The other night I dreamed of two young pigs, which I don’t think I’ve ever done before. One was mostly black, the other mostly pink, and they were about two feet long. I’m first struck by the fact that there were two of them, since “twins” or doubles in dreams often represent something new coming into conscious awareness. This is reinforced by the fact that they were two feet long.
Pigs, for me, are complex symbols. They’re associated linguistically with gluttony, and are associated often with dirt and filth. Yet in the dream, they were more like pets, snuggling together on a bed taking a nap, so the gluttony and filth don’t create much of an “aha” for me.

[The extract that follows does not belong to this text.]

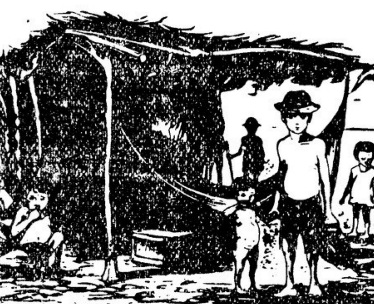
Так живут бразильские дети... Рисунок бразильской художницы Ренины Кад

страх. Почему взрослые люди должны сбросить эти бомбы, которые так всех пугают? Почему мы должны погибнуть вместе со всеми? Я не хочу даже думать об этом! Почему дурных людей, которые помышляют о войне и о том, чтобы использовать эту бомбу, не сажают сразу же в тюрьму? Ведь мама всегда говорит, что плохие люди попадают в тюрьму...». И, поняв ужас и зло надвигающегося призрака войны, маленькая девочка становится в ряды борцов за мир: «Мы в нашей секции собираем подписи за мир. Я поняла, что нужно собрать столько подписей, чтобы можно было посадить в тюрьму всех дурных людей, которые хотят применять такие страшные бомбы». Каждый год перед 1 июня — Международным днем защиты детей, знакомым с убийственной статистикой детской смертности, болезней, голодом или полного отсутствия занятий в неорганизованных зданиях школ, непосильной для малышей и подростков участью в изнурительном труде этих статистических данных для детей трудящихся в буржуазных и колониальных странах. В мире нищенствуют, голодают, бродяжничают десятки миллионов детей! А ведь «земля достаточно богата, чтобы прокормить детей всего мира», как было сказано в обращении Международной конференции в защиту детей (состоявшейся в 1952 году) к мужчинам и женщинам всех стран.

Pigs are also highly intelligent animals, one of the most intelligent that we humans regularly raise for food. So they offer the complexity of being both pets in the dream and so representing unconditional love, but also potential food sources, which in a dream would symbolize non-physical nourishment. (For an interesting article on eating in dreams, see Jeremy Taylor’s post at Psychology Today http://www.psychologytoday.com/blog/the-wisdom-your-dreams/201101/eating-in-dreams).
Archetypally, pigs are associated with abundance, growing from two-pound babies to 300-400 pound adults. The pigs in my dream are young, so perhaps represent abundance that isn’t yet in its fullness. According to the Taschen Book of Symbols, “The expeditious habits of the pig resemble the moral neutrality attributed to nature, for whom creativity and destruction, order and disorder are simply aspects of her eternal round.”
Perhaps my dream suggests that I need to come to peace with the paradox of living.